Елена Владимировна побледнела, вытянулась в лице и захлопнула дверь.

— Прости ее, Небесная, — я повернулся к Артемиде. — Она не могла подумать, что здесь может появиться богиня в земном теле.

Дверь снова распахнулась, графиня осторожно шагнула в комнату, в молитвенном жесте сложив руки на груди:

— Величайшая из великих! Охотница Небесная! Пожалуйста, прости! Разве могла я такое представить, что в нашем доме появишься ты⁈ До сих пор глаза с трудом верят! Прости, Небесная! Нашло какое-то сумасшествие!

— Здесь нет твоей вины, Елена. Мне не на что сердиться, — ровным голосом ответила Артемида. — Сейчас оставь нас. Мне нужно поговорить с твоим сыном.

— Да, Небесная! Ухожу! Ухожу, Всемилостивая! — Елена Викторовна попятилась и тихо притворила за собой дверь.

— В твоем доме очень беспокойно, — Охотница улыбнулась, поглядывая на дверь, словно ожидая, что та откроется снова. — Хочу тебя предостеречь, Астерий. Ты должен понимать: если я позволяю поцелуй, то он, что-то значит, и в нем не какая-то мелкая поблажка, а знак моего отношения. Я — не Гера. Это она, пока Перун смотрит в другую сторону или занят с любовницами, готова раздавать поцелуи всем, кто ей может стать полезен.

— Ты — очень даже не Гера, — охотно признал я, втянув ноздрями аромат цветов акации — он исходил от богини. — Ты — Разящая в Сердце. Но скажи, я же для тебя не «все»? Пожалуйста, не разочаровывай меня сейчас. Мне вовсе не хочется стать одним из множества, к кому обращено твое особое внимание.

— Да, я тебя выделяю из всех. Мое особое внимание было отдано тебе, когда ты плыл с Одиссеем. И когда ты исчез из доступных мне миров, я продолжала вспоминать о тебе. Но это не значит, что… — она замялась (как же непривычно видеть богинь в нерешительности!), отведя взгляд к окну, Артемида, сказала: — Люди всегда так торопливы. Даже ты.

— Их можно понять: людская жизнь коротка, у них нет в запасе вечности, как у богов. И даже у меня, жизнь в этом теле не дольше человеческой. Хочется побольше успеть, прекрасная Охотница, — я смотрел на нее, борясь с невыносимым желанием просто прикоснуться, а может сорвать еще один поцелуй.

— Что же ты хочешь успеть? — Артемида изогнула бровь.

— В этом мире у меня много планов. Например, виманы. Уж если ты попросила занять меня это тело, то я намерен быть графом Елецким сполна, больше, чем то бы он смог сам. Хочу реализовать все его скрытые и тайные мечты, из тех, которые интересны мне самому, — я сделал маленький шаг вперед. — И очень хочу успеть познать твою любовь.

— Безумный Астерий! — она вспыхнула, еще больше порозовела в щеках. — Мне пора! — богиня отошла к окну и порывисто провернулась. — Из-за твоей дерзости чуть не забыла сказать, зачем приходила. Я помогу узнать содержание важного для тебя римского пророчества. Не нужно больше мучить этим вопросом Голицына. Этим он привлекает внимание Геры, что очень плохо для вас двоих. Жди, через некоторое время позову тебя в свой дом, и ты услышишь важные для тебя слова.

— Твой дом? Здесь? — я был в недоумении. Сразу сотня вопросов завертелось в голове, но Артемида превратилась во вспышку света и угасла.

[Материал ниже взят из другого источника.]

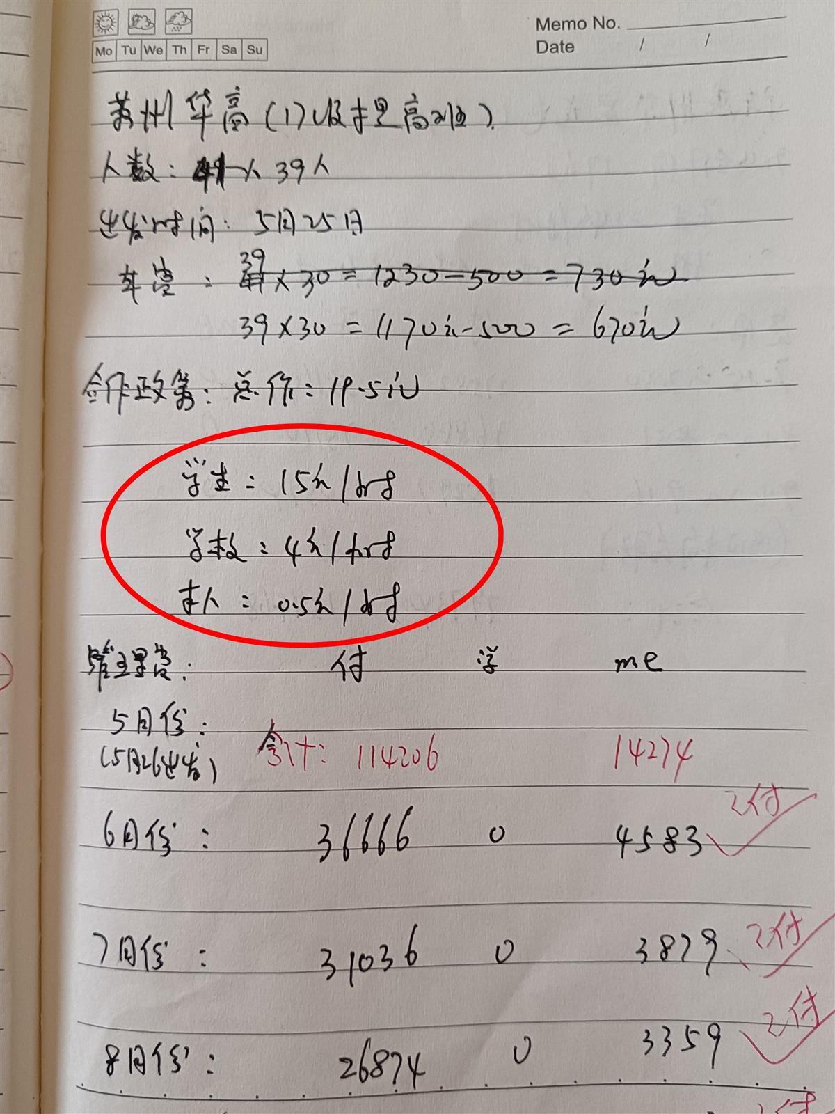 账本中记录一次39名学生的入场收益计费及分配情况(受访者供图)
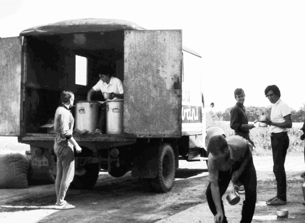 Hned první kontakty s nimi jsme měli konfliktní, to když se nám podařilo při svozu štoků na cestě z Činova do Břežan zachytit jejich telefonní linky a kousek cesty je popotáhnout. Po této zkušenosti jsme o další kontakt s nimi přestali mít zájem. Pracovní směny, alespoň pro naši partu strhávačů štoků byly poněkud časově protažené, protože jsme museli nakrmit kombajny (česačky chmele) i pro začátek následujícího dne, také ráno se jelo dřív a snídaně a obědy nám vozily do chmelnice, večeře po příjezdu do Břežan jsme měli přihřívané, to už osádky kombajnů byly dávno po sprchách a rozjížděly se podvečerní zábavy, samozřejmě většinou ve vlastní režii. My jsme ale preferovali větší volnost bez přílišné pozornosti pedagogického dozoru a ve finále také i větší výdělek.
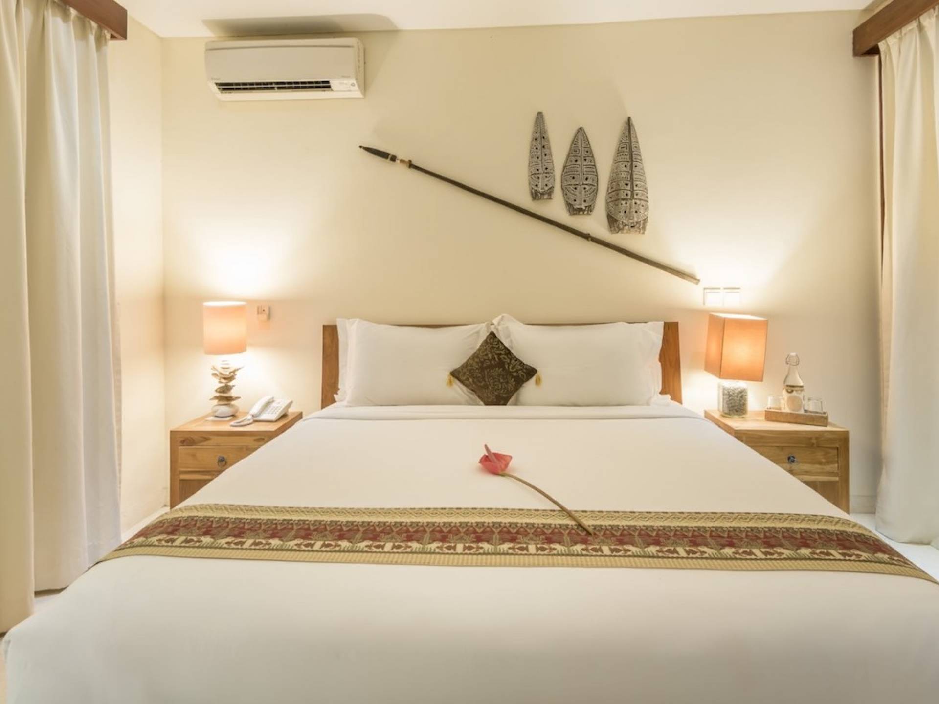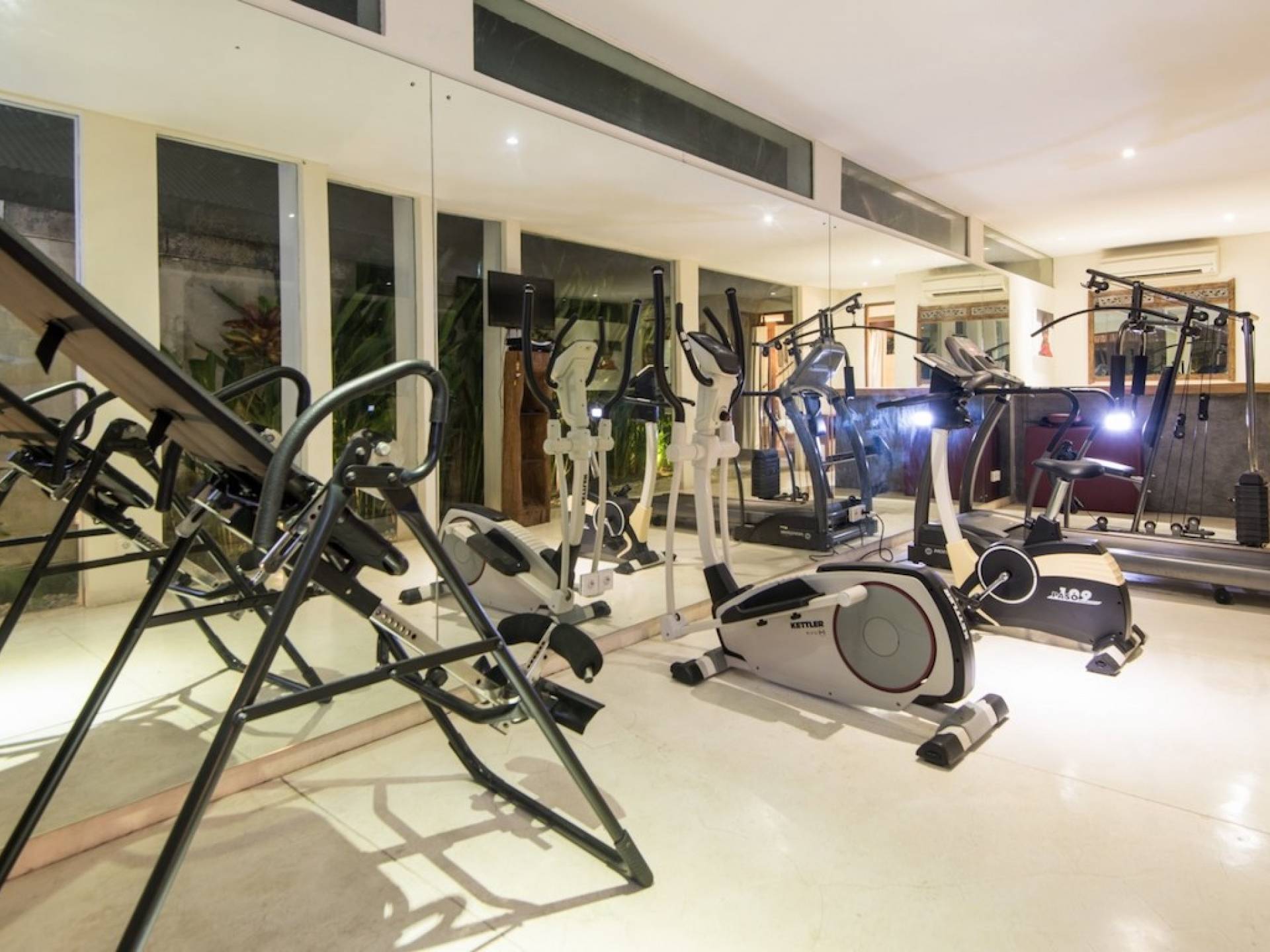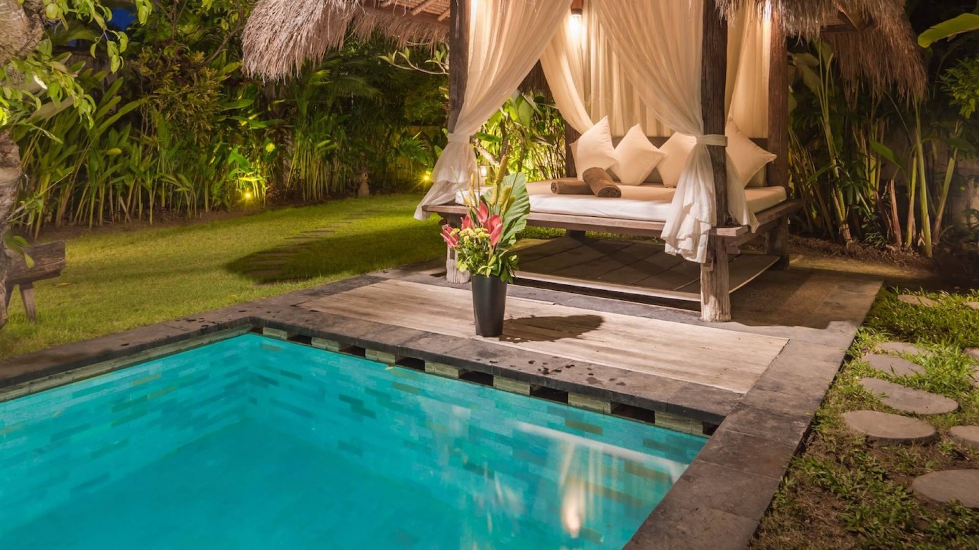 Enchanting colors of blue and green rule the large tropical garden of Villa Ku Besar, like a hidden oasis with scenting flowers and a cool swimming pool to dive into. The large glistening 22 x 3-meter swimming pool is encompassed by a timber suntanning deck and a manicured green grass lawn. Soak up the sun on the poolside loungers or open up the Balinese parasols to provide shade. At the other end of the pool, sits a traditional balé with a daybed and white curtains, topped by a thatched rooftop, perfect for a daytime snooze or enjoying a massage in the open air. For those in need of a holiday workout, Villa Ku Besar also boasts its own private gym.
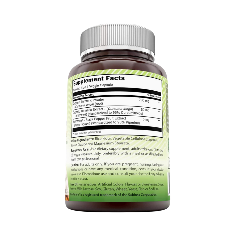 Each veggie Capsule of Amazing India Turmeric-Curcumin with Bioperine dietary supplement provides:
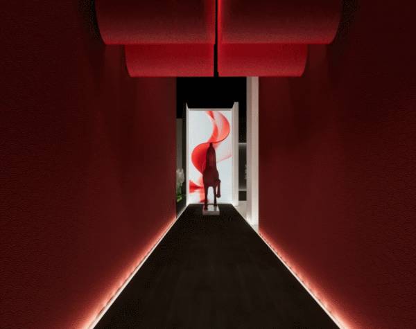 以熱情的紅色為主調,象征經典與東方的現代覺醒。奔騰紅馬,引人入境,營造“立馬當紅”的視覺沖擊。在此,見天地,亦見奔涌的自己!
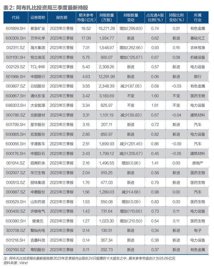 持仓市值方面,紫金矿业成为阿布扎比单笔持仓最大的公司,截至三季度末,持仓参考市值为18.52亿元;其次是万华化学,三季度末持仓17.09亿元。
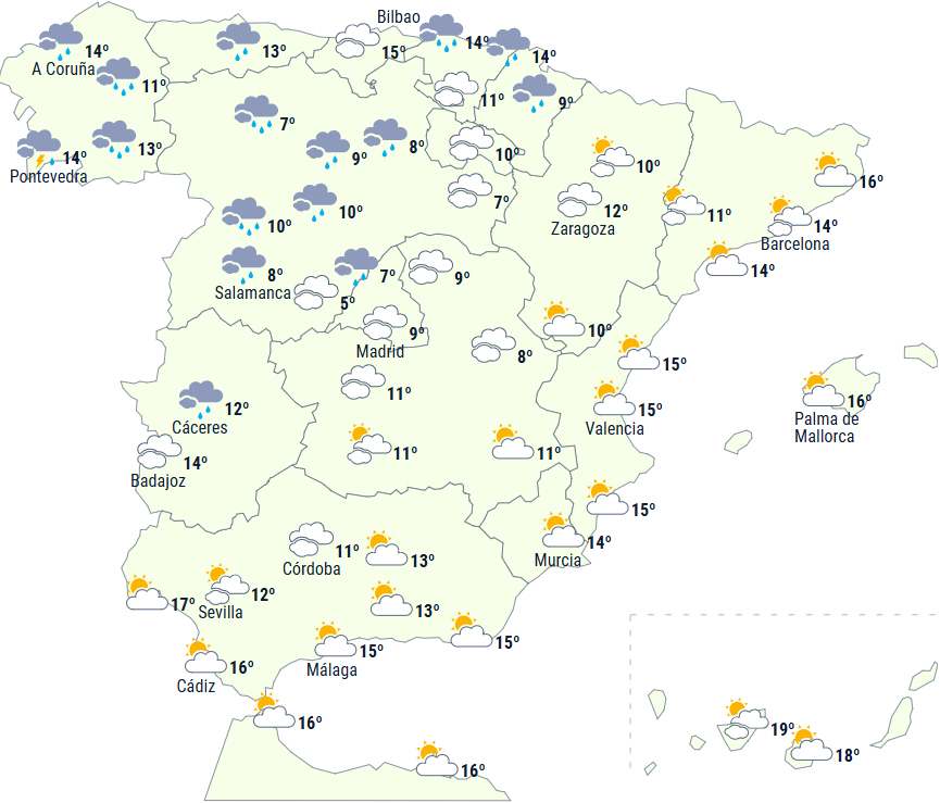 I dag vil en koldfront trække ind vest for halvøen og give skyet eller overskyet himmel med nedbør i det meste af landet. Disse forventes at være tungere i den nordvestlige del og kan blive vedvarende vest for de centrale bjerge og især i Galicien.
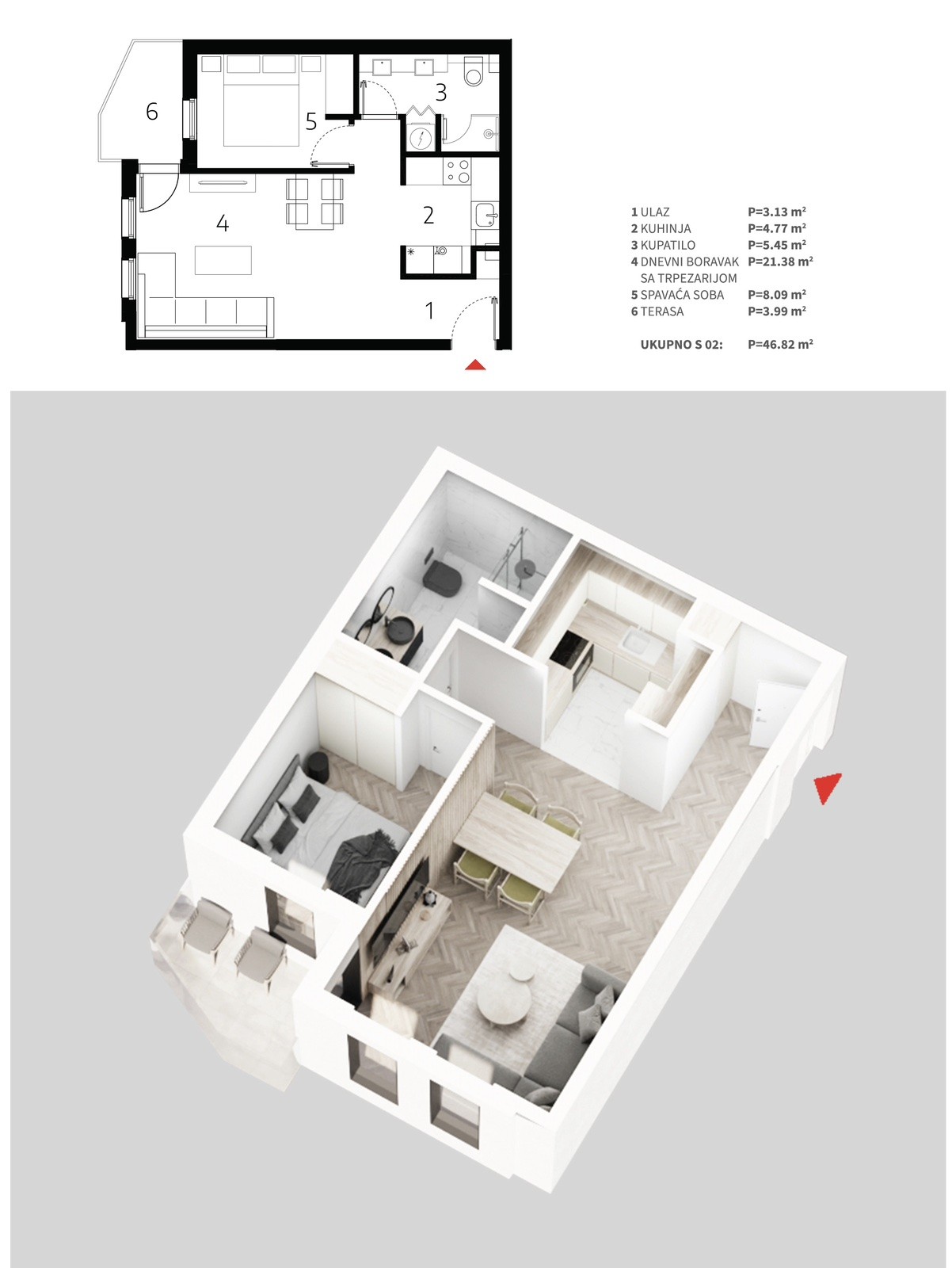 Kvadratura: 46,82m2 (ukupna), 46,82m2 (uknjižena)
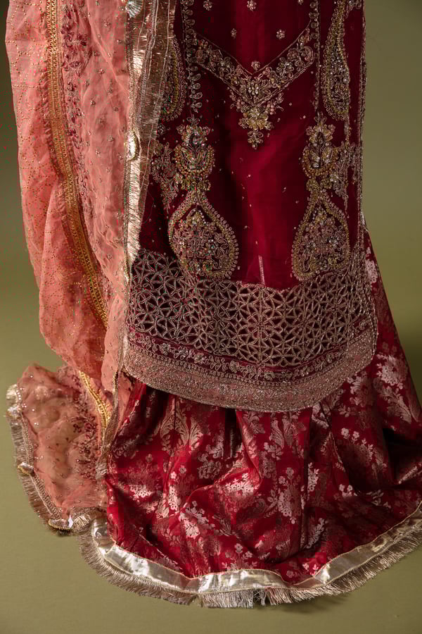 This beautiful 3 piece Maria b inspired wedding collection features a straight shirt with luxury thread work embroidered front with bead embellishment, finished with full length embroidered sleeves. It comes with a banarsi lengha and the look is finished with a contrasted digital printed organza dupatta.
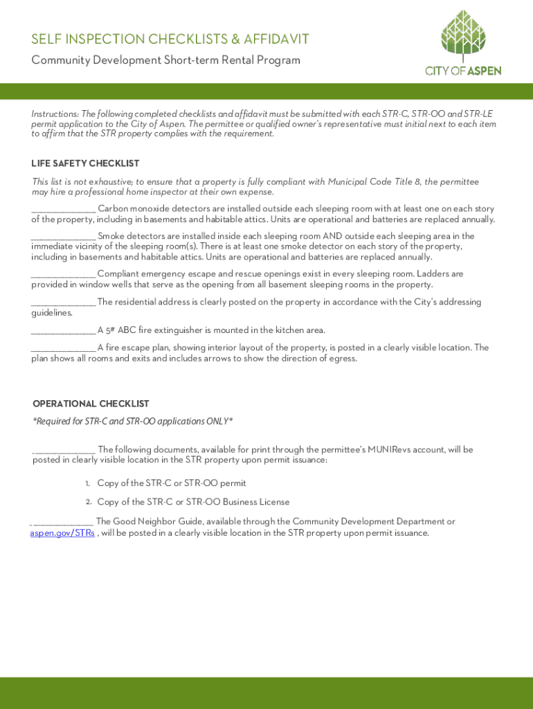 Get the free Town of Telluride Short-Term Rental Self-Inspection Affidavit

Несколько минут я стоял потрясенный гораздо больше, чем после разговора с Герой. Мне захотелось своими руками сорвать цветы и щедро положить их на алтарь Охотницы. Я не дарил ей цветы со времен Троянской войны, а в этом мире никогда.

Мысли вернулись к ее последним словам: «позову тебя в свой дом» — вряд ли она имела дом небесный. Я знал, что в тех мирах, которые боги посещают в физических телах, многие из вечных имеют свои жилища. Их дома могут таиться в глуши, высоких горах или на каком-то острове, но могут оказаться прямо в городе, скрытые от людских глаз божественным чудом. Что ж, если так, то побывать в доме Артемиды станет для меня очень желанным приключением.

Время бежало, и нужно было поспешить к завтраку и собираться в школу. Сегодня суббота, и у нас всего три урока, один из которых физподготовка — день обещал быть легким и приятным. А вечер… — хотя я не горел желанием оказаться в гостях у Евстафьевых, эта поездка могла отвлечь меня от огромного количества дел, навалившихся за неделю, и снять напряжение.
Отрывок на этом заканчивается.